SUPPLIED DATA |
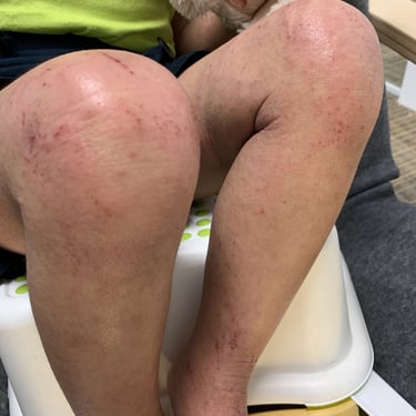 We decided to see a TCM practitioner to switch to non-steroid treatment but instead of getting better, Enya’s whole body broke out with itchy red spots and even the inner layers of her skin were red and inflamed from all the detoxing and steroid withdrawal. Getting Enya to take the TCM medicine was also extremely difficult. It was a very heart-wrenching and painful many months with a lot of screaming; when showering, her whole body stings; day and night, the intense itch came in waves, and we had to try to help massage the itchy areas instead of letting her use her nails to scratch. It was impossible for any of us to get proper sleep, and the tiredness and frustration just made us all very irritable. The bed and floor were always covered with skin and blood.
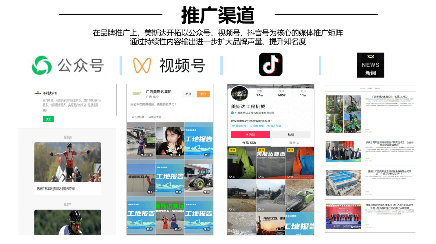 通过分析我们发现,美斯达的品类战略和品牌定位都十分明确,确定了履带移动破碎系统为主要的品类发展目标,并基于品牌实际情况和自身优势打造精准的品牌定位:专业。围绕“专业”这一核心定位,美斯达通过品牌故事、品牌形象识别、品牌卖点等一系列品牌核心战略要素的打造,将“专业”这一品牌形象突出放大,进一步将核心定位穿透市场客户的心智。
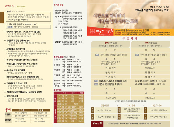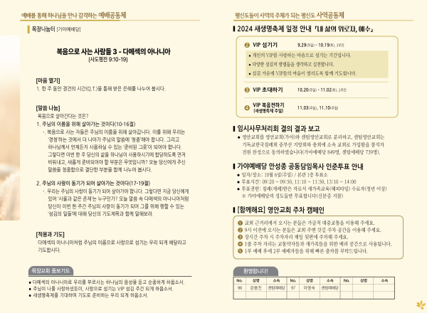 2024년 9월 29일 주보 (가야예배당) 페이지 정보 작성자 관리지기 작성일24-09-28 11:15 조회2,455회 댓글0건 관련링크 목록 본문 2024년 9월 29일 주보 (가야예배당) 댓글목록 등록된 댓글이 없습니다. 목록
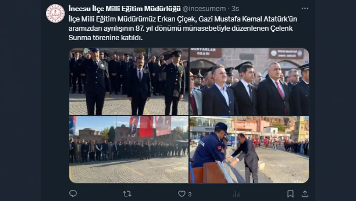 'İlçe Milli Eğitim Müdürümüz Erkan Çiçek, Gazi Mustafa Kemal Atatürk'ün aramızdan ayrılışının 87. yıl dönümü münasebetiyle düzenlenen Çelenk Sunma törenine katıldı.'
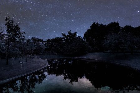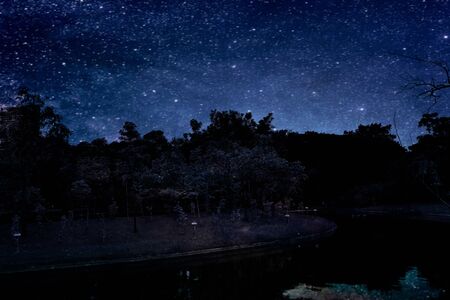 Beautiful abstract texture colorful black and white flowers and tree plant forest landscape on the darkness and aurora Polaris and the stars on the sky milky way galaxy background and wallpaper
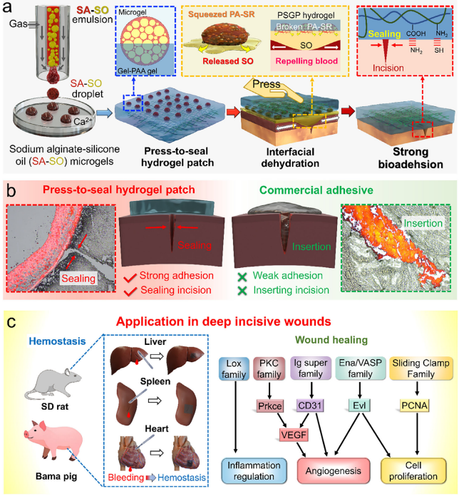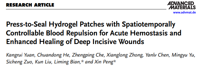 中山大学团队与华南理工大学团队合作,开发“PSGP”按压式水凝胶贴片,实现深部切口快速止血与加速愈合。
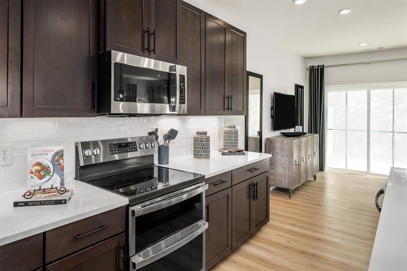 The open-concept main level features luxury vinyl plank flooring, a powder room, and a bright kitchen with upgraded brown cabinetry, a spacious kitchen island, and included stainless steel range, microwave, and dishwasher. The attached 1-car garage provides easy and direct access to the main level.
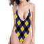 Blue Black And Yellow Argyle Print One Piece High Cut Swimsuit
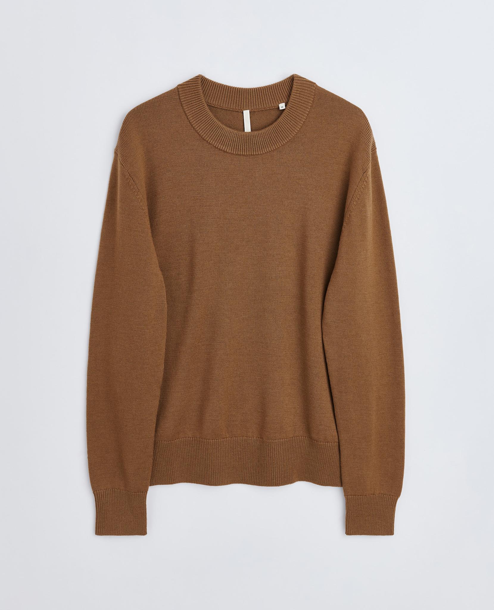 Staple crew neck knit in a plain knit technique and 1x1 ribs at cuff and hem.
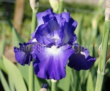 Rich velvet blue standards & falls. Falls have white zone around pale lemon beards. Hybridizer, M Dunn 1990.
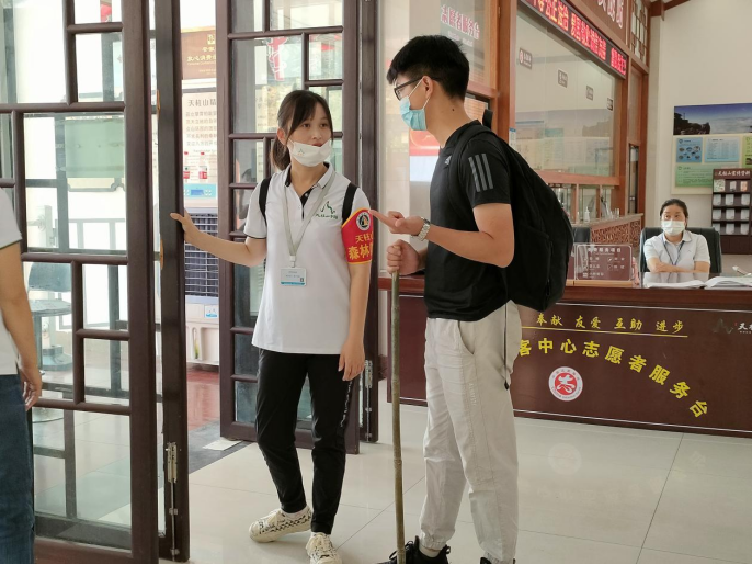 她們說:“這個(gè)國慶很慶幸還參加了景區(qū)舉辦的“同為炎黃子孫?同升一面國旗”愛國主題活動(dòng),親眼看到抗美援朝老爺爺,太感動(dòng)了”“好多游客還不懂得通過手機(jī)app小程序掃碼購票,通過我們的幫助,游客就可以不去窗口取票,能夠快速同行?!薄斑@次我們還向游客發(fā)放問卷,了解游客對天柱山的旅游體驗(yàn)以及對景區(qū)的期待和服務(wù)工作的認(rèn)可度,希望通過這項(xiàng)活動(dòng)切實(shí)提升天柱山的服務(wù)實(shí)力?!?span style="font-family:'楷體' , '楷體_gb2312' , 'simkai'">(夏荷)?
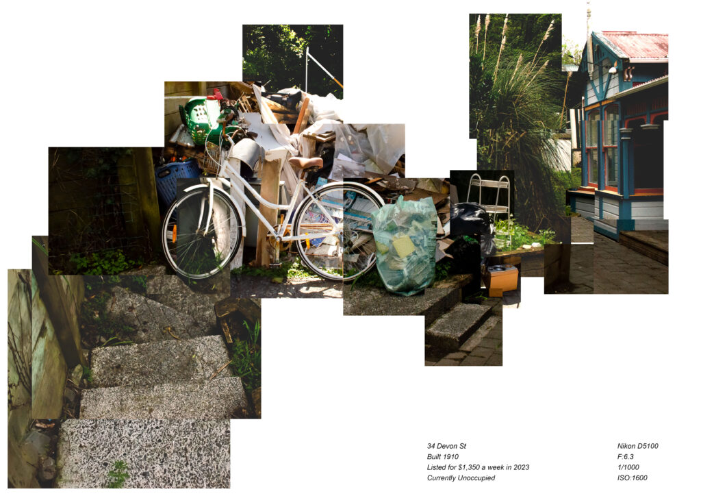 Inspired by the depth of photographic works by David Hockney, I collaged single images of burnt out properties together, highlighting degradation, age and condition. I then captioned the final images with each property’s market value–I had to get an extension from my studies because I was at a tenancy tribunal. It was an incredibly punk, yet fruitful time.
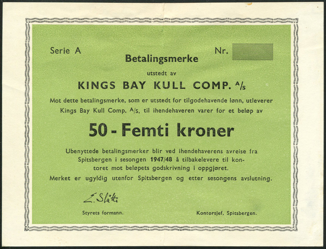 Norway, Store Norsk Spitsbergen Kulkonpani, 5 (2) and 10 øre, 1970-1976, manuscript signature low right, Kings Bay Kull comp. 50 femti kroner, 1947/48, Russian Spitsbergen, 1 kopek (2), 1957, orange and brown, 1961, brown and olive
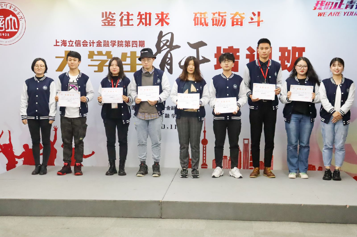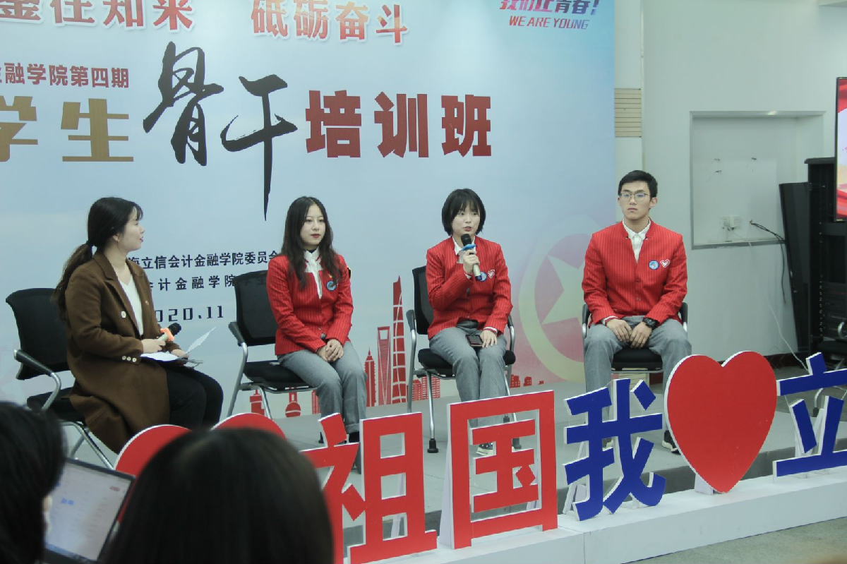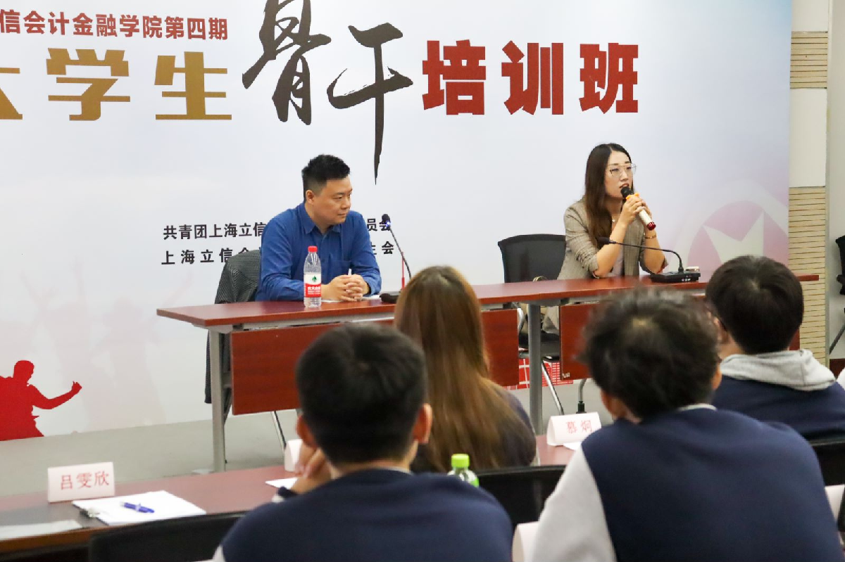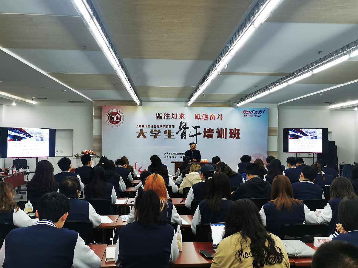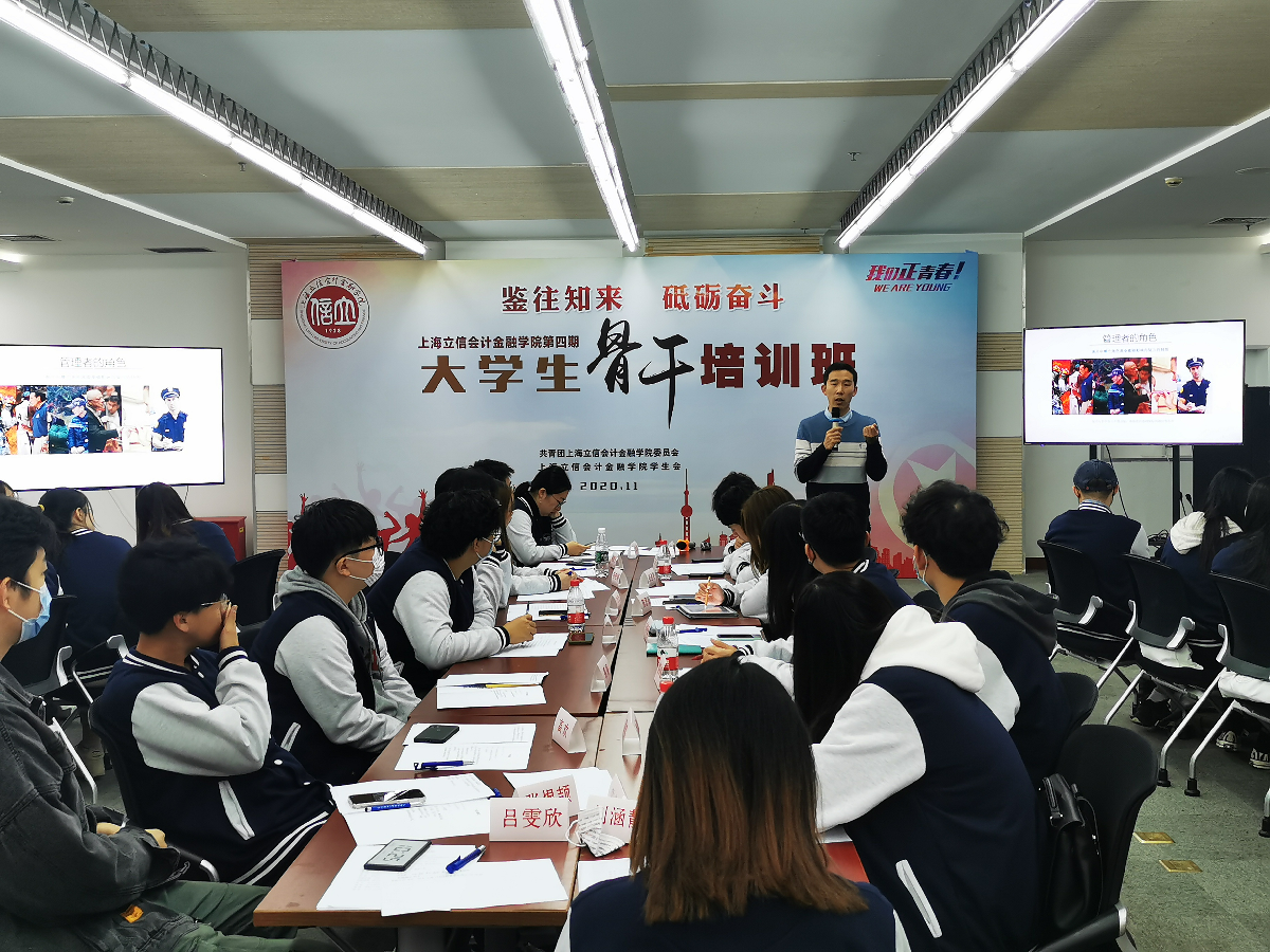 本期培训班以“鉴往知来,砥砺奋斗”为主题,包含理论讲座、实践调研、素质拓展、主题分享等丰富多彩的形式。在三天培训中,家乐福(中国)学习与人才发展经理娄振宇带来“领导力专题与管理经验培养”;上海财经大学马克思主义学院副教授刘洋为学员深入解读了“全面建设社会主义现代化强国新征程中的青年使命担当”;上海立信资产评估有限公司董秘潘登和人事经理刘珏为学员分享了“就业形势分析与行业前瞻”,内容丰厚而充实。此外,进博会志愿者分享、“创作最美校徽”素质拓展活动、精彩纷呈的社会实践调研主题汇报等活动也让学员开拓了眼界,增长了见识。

INSTRUCTIONS FOR THE TASK |
Copy, word for word, the entries above from the first line to the line that holds "Sunma törenine katıldı.'". Drop the pictures.

RESULT |
 We decided to see a TCM practitioner to switch to non-steroid treatment but instead of getting better, Enya’s whole body broke out with itchy red spots and even the inner layers of her skin were red and inflamed from all the detoxing and steroid withdrawal. Getting Enya to take the TCM medicine was also extremely difficult. It was a very heart-wrenching and painful many months with a lot of screaming; when showering, her whole body stings; day and night, the intense itch came in waves, and we had to try to help massage the itchy areas instead of letting her use her nails to scratch. It was impossible for any of us to get proper sleep, and the tiredness and frustration just made us all very irritable. The bed and floor were always covered with skin and blood.
 通过分析我们发现,美斯达的品类战略和品牌定位都十分明确,确定了履带移动破碎系统为主要的品类发展目标,并基于品牌实际情况和自身优势打造精准的品牌定位:专业。围绕“专业”这一核心定位,美斯达通过品牌故事、品牌形象识别、品牌卖点等一系列品牌核心战略要素的打造,将“专业”这一品牌形象突出放大,进一步将核心定位穿透市场客户的心智。
 2024년 9월 29일 주보 (가야예배당) 페이지 정보 작성자 관리지기 작성일24-09-28 11:15 조회2,455회 댓글0건 관련링크 목록 본문 2024년 9월 29일 주보 (가야예배당) 댓글목록 등록된 댓글이 없습니다. 목록
 'İlçe Milli Eğitim Müdürümüz Erkan Çiçek, Gazi Mustafa Kemal Atatürk'ün aramızdan ayrılışının 87. yıl dönümü münasebetiyle düzenlenen Çelenk Sunma törenine katıldı.'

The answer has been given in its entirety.